Taking account of the plea of guilty
- [23]The taking of a plea of guilty into account and a statement as to how it has been done “is an essential part of the transparency of the sentencing process”: R v Taylor and Napatali, ex parte Attorney General (Qld) (1999) 106 A Crim R 578, at 580 per McPherson JA.
- [24]Section 13 of the Penalties and Sentences Act 1992 provides that:
“Guilty plea to be taken into account:
(1)In imposing a sentence on an offender who has pleaded guilty to an offence, a court –
(a)must take the guilty plea into account; and
(b)may reduce the sentence that it would have imposed had the offender not pleaded guilty.
(2)A reduction under subsection (1)(b) may be made having regard to the time at which the offender –
(a)pleaded guilty; or
(b)informed the relevant law enforcement agency of his or her intention to plead guilty.
(3)When imposing the sentence, the court must state in open court that it took account of the guilty plea in determining the sentence imposed.
(4)A court that does not, under subsection (2), reduce the sentence imposed on an offender who pleaded guilty must state in open court
(a)that fact; and
(b)its reasons for not reducing the sentence.

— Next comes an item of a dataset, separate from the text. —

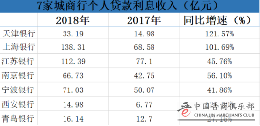 实际上,个人消费贷款的突飞猛进也给上市城商行带来了颇丰的收益,大多数银行虽然未公布具体的个人消费贷款利息收入,但是我们可以从个人贷款的利息收入中窥见一斑。去年,天津银行、上海银行等7家银行的个贷利息收入总和为452.8亿元,同比增长65.88%。其中,天津银行的个人贷款利息收入为33.19亿,同比增幅为121.57%,增速位列7家银行之首。

(5)A sentence is not invalid merely because of the failure of the court to make the statement mentioned in subsection (4), but its failure to do so may be considered by an appeal court if an appeal against sentence is made (emphasis added).”
- [25]Those principles have been recently considered and reinforced by the Queensland Court of Appeal: R v Safi [2015] QCA 13, at [16] per Fraser JA; R v Taki [2015] QCA 60, at [20], per Morrison JA; and R v Harrison [2015] QCA 210, at p 6 per Margaret McMurdo P.
- [26]However the Magistrate said that he took what he regarded “as a timely plea of guilty” into account, then added that it was not an “early” plea, but that the [Appellant] had not sought to have the matter “dragged out through a hearing and otherwise hugely delayed the matter”. He said he would reduce the penalty to take that into account.
- [27]I do not accept that the plea of guilty was not properly taken into account by his Honour. His language may have given rise to an inference that he may not in fact have done so that sometimes happens when a Judicial Officer is busy and giving ex tempore decisions. However, his Honour’s initial intention to impose a term of actual imprisonment was reduced to a wholly suspended sentence. He also acknowledged the cooperation given to police. That is sufficient overt compliance with section 13 of the Penalties and Sentences Act 1992.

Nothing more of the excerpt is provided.